Ah, metaphysics. Meat and drink to a philosopher. Usually not to philosophers of science, though, but I'm atypical (that is, you cannot infer inductively from a knowledge of the type I instantiate to all of my properties <wink>).

Razib says that
we are clashing in the turbulent waters of nominalism
the perception by John that I am conceiving of race as an essential and fundamental taxonomical unit. I don't hold to that. I've rejected the Platonic conception of race before.
And so it is. Ultimately this is all about what one thinks classes of things, universals, are. Now while a lot of attack on race concepts focus on "Platonism", I don't, and I don't think Razib is using such a perspective, either. There is a very large difference between saying that something has an essence shared by all its members, to saying that the something is a Platonic form. The former claim is Aristotelian, not Platonic. The difference is this, and bear with me because it has a payoff in this debate:

Plato's forms are not physical things. They are eternal kinds, that no actual object ever properly instantiates, but at best approximates. Aristotle's forms are always physical things, and the descriptions of those things are what has the essences, not the things themselves. This gets a bit messy, because then we have to talk about "properties", but that will do for now. Nominalism, a later development ironically dealing with the confusion between Platonic and Aristotelian forms by the so-called Neoplatonists, holds that universal properties, of essences, exist solely in the words and in the head. This is exactly the issue about abstraction that I dealt with before.

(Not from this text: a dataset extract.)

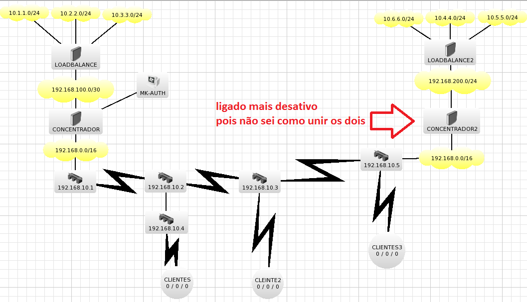 olá galera, to com um probleminha aqui meus links aqui muito ruim da OI ai fiz o seguinte Fiz 2 balance e 2 concentradores 1 mk-auth tudo Interligado por ptp eu tenho tbm um mk-auth que esta se comunicando com os dois concentradores perfeitamente por vpn, quando eu ligo os dois servidores pppoe na rede só o que já esta ativo funciona o novo não, se eu desligar o novo e ligar o cabo direto no meu computador funciona certinho o que deve fazer pra resolver isso vou colocar meu cenário.

It is my view that we are born Aristotelian essentialists [see
The Essential Child : Origins of Essentialism in Everyday Thought by Susan A. Gelman] but that we learn in our investigation of the world, that it doesn't rely on the nature of the words we use to describe or explain it.

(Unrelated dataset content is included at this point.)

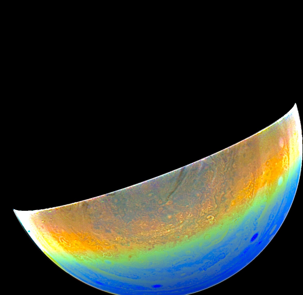 With enhances, it can be seen that there are many colorful bands in contrast with each other. They are making a rainbow-like picture as well! There are some spots towards the east side of the planet. It is also seen that there are a few swirls in the center that are noticed in a brighter light.

Now, when we classify our world we are often tempted to reify the groups we class. "Races" are such an item. If there are biological clusters, there are biological clusters, but to call one of these a "race" is to invite belief that there is some shared description that is true of all and only members of that "race", which Razib doesn't believe. So we should be nominalists about the abstracta because it hinders our natural tendency to make fallacious inferences from the labels we use.

I better summarise, because otherwise I'll lose more of you than I already have.

  • Race refers to well-marked and stable subspecific varieties in a species. Humans do not have these, I believe
  • They are abstractions based on our tendencies to recognise variation in a typological manner, informed by our social discriminations
  • It is better to generate our abstractions directly from the data to inform our inferential processes, than to claim that prior naive classifications are somehow real. That is, the data explain why we make these discriminations, but they don't license them.
  • The social problems of using the naive folk taxonomy of race are so great that we should be careful about using the notion at all.
I think that is all I have worth saying on the matter. Read the comments - they have been very useful in this series of posts.

Late note: RPM at Evolgen has a nice wrap up, although I wonder did I really start race riots? I hope not.